I can tell you there is so much more going on behind the scenes than the just the simple cost of manufacturing a unit. For 1000 employees in the plant, perhaps 100 are directly involved in the actual manufacture. All the rest is overhead to:
Quality Systems
-Regulatory
-Validation
-Compliance
-Documentation
Facilities
Management
Packaging/shipping/distribution
Customer complaints and troubleshooting
Not to mention HR and training (last is significant and mandated by FDA)
FDA regulations are very expensive and intrusive, and very much have a negative impact on innovation. Its often cheaper to design a product once and never change it thru its lifecycle than to continually improve the manu process, as all those changes require expensive re-validation and regulatory approval.
However, that is not to say I think the FDA should be done away with, or is even bad. I've seen companies that do not make FDA regulated products (say for ex-US markets) and some of the shortcuts and shit they do is scary and dangerous.
Point being, we've made a choice here to error on the side of safety (tho doesn't always seem like it) rather than efficiency. I do think FDA regs can be smarter and more effective (they sometimes worry about minutiae and miss the bigger problems) Akin to the SEC regs harassing small traders for minor infractions, but completely missing Madoff's decades-long Ponzi scheme.
Not the only issue in health care costs, but certainly a large factor.

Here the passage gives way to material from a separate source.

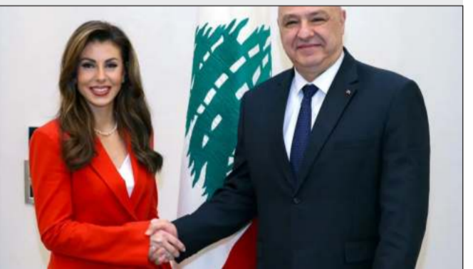
U.S. deputy Mideast envoy Morgan Ortagus (L) with Lebanese President Joseph Aoun

A photo showing U.S. President Donald Trump's deputy Middle East envoy donning a ring embellished with the Star of David to a meeting with Lebanon's leader triggered outrage in Arabic social and broadcast media.

As far as the "free coffee" statement goes: most companies have gotten really cheap. Last year we did get free coffee, but that's a first and that's about it for perks. OTOH, a lab tech will use a container that costs more than
all the coffee for the facility for a week, to fill with water once and then be thrown away rather being cleaned and reused as the cleaning, documentation, testing, tracking, validation, monitoring programs, and regulatory exposure are more expensive than just buying a new one to get some more water. I shit you not.